英文契約書の相談・質問集186 先方に都合の良いことばかりを押し付けられるのですが。
英文契約書の作成,チェック(レビュー/審査),翻訳(英訳/和訳),修正の依頼を受ける際によく受ける相談・質問に,「先方に都合の良いことばかりを押し付けられるのですが。」というものがあります。
特に,取引の開始段階や,取引が長く続いていても,先方にM&Aなどが起こって,経営陣が交替したというようなときに,この問題は起こりやすいといえます。
取引関係は,どうしても,利益相反的な側面があります。
例えば,販売店契約(Distribution/Distributorship Agreement)であれば,卸価格を高くすればサプライヤーの利益になりますが,それは販売店(Distributor)にとっては不利益です。
逆に,独占販売権を販売店(Distributor)が得るということは,販売店(Distributor)の利益になりますが,販売店(Distributor)のパフォーマンスがサプライヤーの期待よりも低ければ,独占販売権を与えたことはサプライヤーの不利益になります。
このように,取引関係に入ると,どちらかの利益になることは,他方の不利益になる側面があることは否定できないわけです。
こうした利益相反的な関係性があるため,自社の利益ばかりを追求すると,反対の当事者からすれば,不利益ばかりを強要されているように感じることになります。
特に,取引の初期段階や,経営陣が交替したというタイミングは,双方が疑心暗鬼になりがちです。
サプライヤーが,卸価格の値上げを要求すれば,販売店(Distributor)が警戒しますし,販売店(Distributor)が競合品を扱いたいといえば,サプライヤーは警戒します。
お互い,特に相手に嫌がらせをしてやろうとか,取引をできないようにしてやろうとか,不当な意図があるわけではなくとも,警戒心があるなかで交渉をしていると,どうしても勘ぐってしまいがちです。
「本当は取引を中止したくて,無理難題を行っているのではないか。
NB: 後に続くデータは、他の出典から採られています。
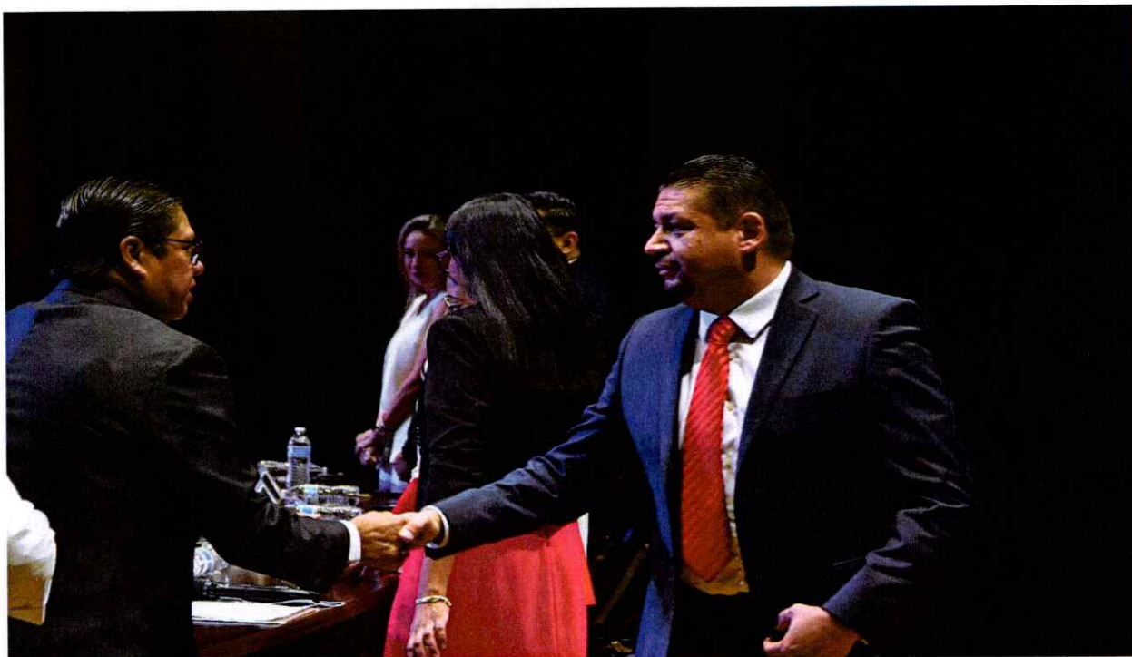
Sesión Solemne No. 37.
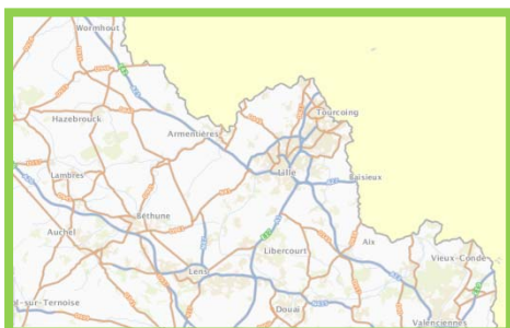
Lille au 1 : 430 000
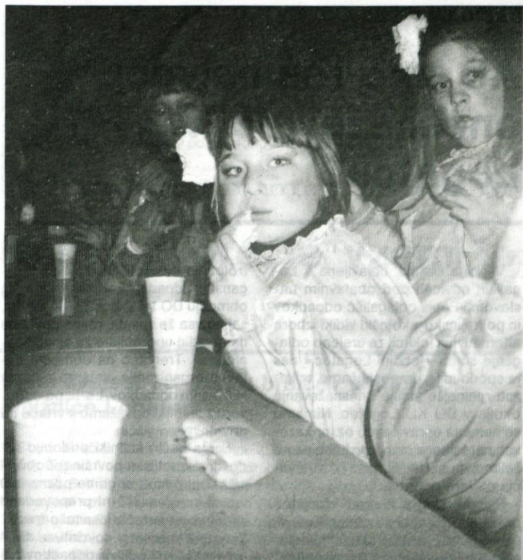
Nas bo tudi letos obiskal dedek Mraz?
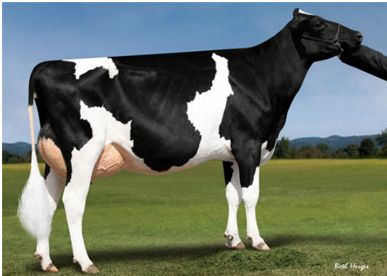
OCD JEDI TAYA 37904 FOURTH DAM
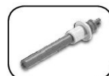
Resistencia de cerámica
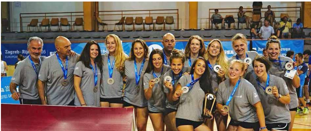
L'équipe UNIL-EPFL de volley, vice-championne d'Europe universitaire aux EUSA Games de Zagreb
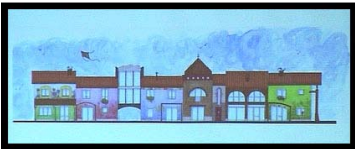
Come la fantasia dei bambini conquista e trasforma le città

Grazie a questo progetto, con grande soddisfazione, Andria ha ricevuto il premio Peggy Guggenheim 2001.
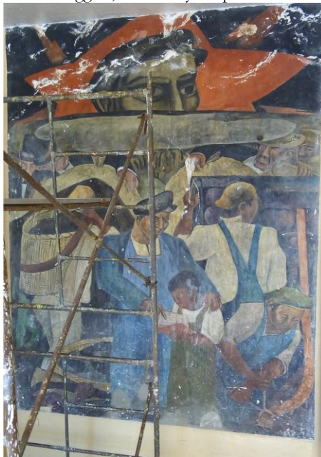
Imagen 7. Pablo O’Higgins, “La vida y los problemas sociales”, 1933.

Pero en “La realidad del trabajo y sus luchas” y en “La vida y los problemas sociales”, el gesto de los niños varía [Imágenes 7 y 8]. Mientras dos niños trabajan en la producción del vidrio, uno completamente desnudo y otro con el torso descubierto, otro, afuera de una mina, fija su atención en la parte del libro rojo que su mentor —el dirigente obrero— le indica. Otros más, un niño y una niña (la única mujer en las dos escenas), sugieren otras posibilidades. Aunque el dirigente obrero les extiende un libro rojo con la mano derecha y con la izquierda señala una manifestación proletaria, ambos niños desvían la mirada. No atienden al obrero, ni al libro ni a la manifestación. Dirigen su mirada hacia afuera del cuadro, en sentido opuesto a las indicaciones de su mentor, porque otra cosa los atrae.
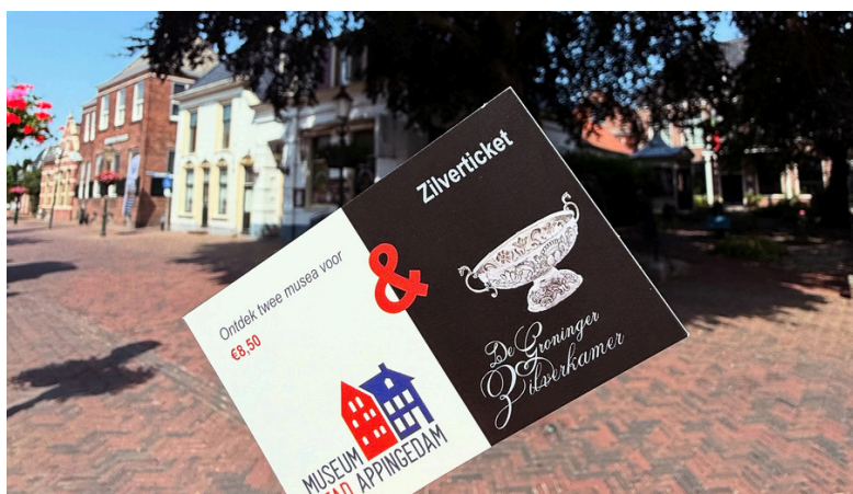
Combi-ticket Groninger Zilverkamer en MSA
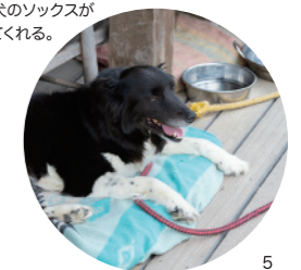
看板犬のソックスが迎えてくれる。
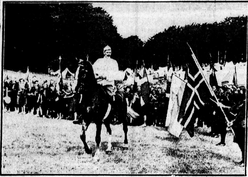
A dán király a dán leánycserkész táborban 2800 cserkészlány között
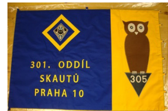
Vlajka v pořadí č. 3 (305) a č. 5 Sovího oddílu (druhá renovovaná 301)
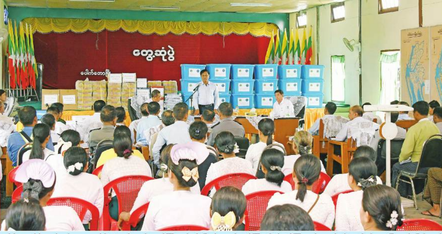
နိုင်ငံတော်စီမံအုပ်ချုပ်ရေးကောင်စီအဖွဲ့ဝင် ဒုတိယဝန်ကြီးချုပ်နှင့် ပြည်ထောင်စုဝန်ကြီး ဗိုလ်ချုပ်ကြီးတင်အောင်စန်း၊ ပေါက်တောမြို့နယ် ပြန်လည်ထူထောင်ရေးလုပ်ငန်းကော်မတီဝင်များ၊ ဌာနဆိုင်ရာဝန်ထမ်းများ၊ မြို့မိမြို့ဖများကို တွေ့ဆုံအမှာစကားပြောကြားစဉ်။

စစ်တွေ မေ ၂၄ နိုင်ငံတော်စီမံအုပ်ချုပ်ရေးကောင်စီ အဖွဲ့ဝင် ဒုတိယဝန်ကြီးချုပ်နှင့် ပြည်ထောင်စုဝန်ကြီး ဗိုလ်ချုပ်ကြီးတင်အောင်စန်း၊ ပြည်ထောင်စုဝန်ကြီး ဒုတိယဗိုလ်ချုပ်ကြီးထွန်းထွန်းနောင်နှင့် ရခိုင်ပြည်နယ်ဝန်ကြီးချုပ် ဦးထိန်လင်းတို့သည် ယနေ့နံနက်

」,「こちらが飲めないとわかっていて要求しているのではないか。」,「足元を見られているのではないか。」などど,疑い出すとキリがありません。
また,信頼関係が大切な取引関係にも亀裂が入り,お互いにビジネスがうまくいかなくなってきてしまいます。
当然,取引関係を築くということは,お互いが利益を上げて事業全体を成長させてWin-Winの関係を作ることに意義がありますから,どちらかが儲けてどちらかが損をするというゼロサムゲームのような状態では問題なわけです。
こういうときは,代替案を出す,カウンターオファーを出すという姿勢が重要です。
ただ単に自社に有利な条件を出すとか,ただ単に先方に有利な条件を断るというのではなく,提案するなら,何か相手に有利な条件も付ける,受け入れる代わりに,相手にもこれを受けてもらうように提案してみるなどが大切です。
それには,お互いにとってその取引で何がボトルネックになっているのか,真の悩みはどこにあるのかをさぐって,提案をすることが大切です。
単純に自分に都合の良いことを伝えるという交渉をするのではなく,適切な質問を投げかけ,相手が何に悩んでいるのか,相手がこのビジネスを成長させるために必要と考えていることな何なのか,こうしたことを理解しようとしつつ,交渉するのです。
そうしないと,自社に有利な提案をするだけ,相手も不利であれば断るだけとなってしまい,提案する側は断られて,不満が募りますし,提案された側も受け入れられないような提案ばかり受けると,どんどん不安になってしまいます。
取引関係は,いわば利益相反的な立場に立たされるものだということを理解しつつ,相手の立場も考える前提でのコミュニケーションを図ることが,特に文化も法律も商慣習も異なる企業同士の海外取引では,大切だと思います。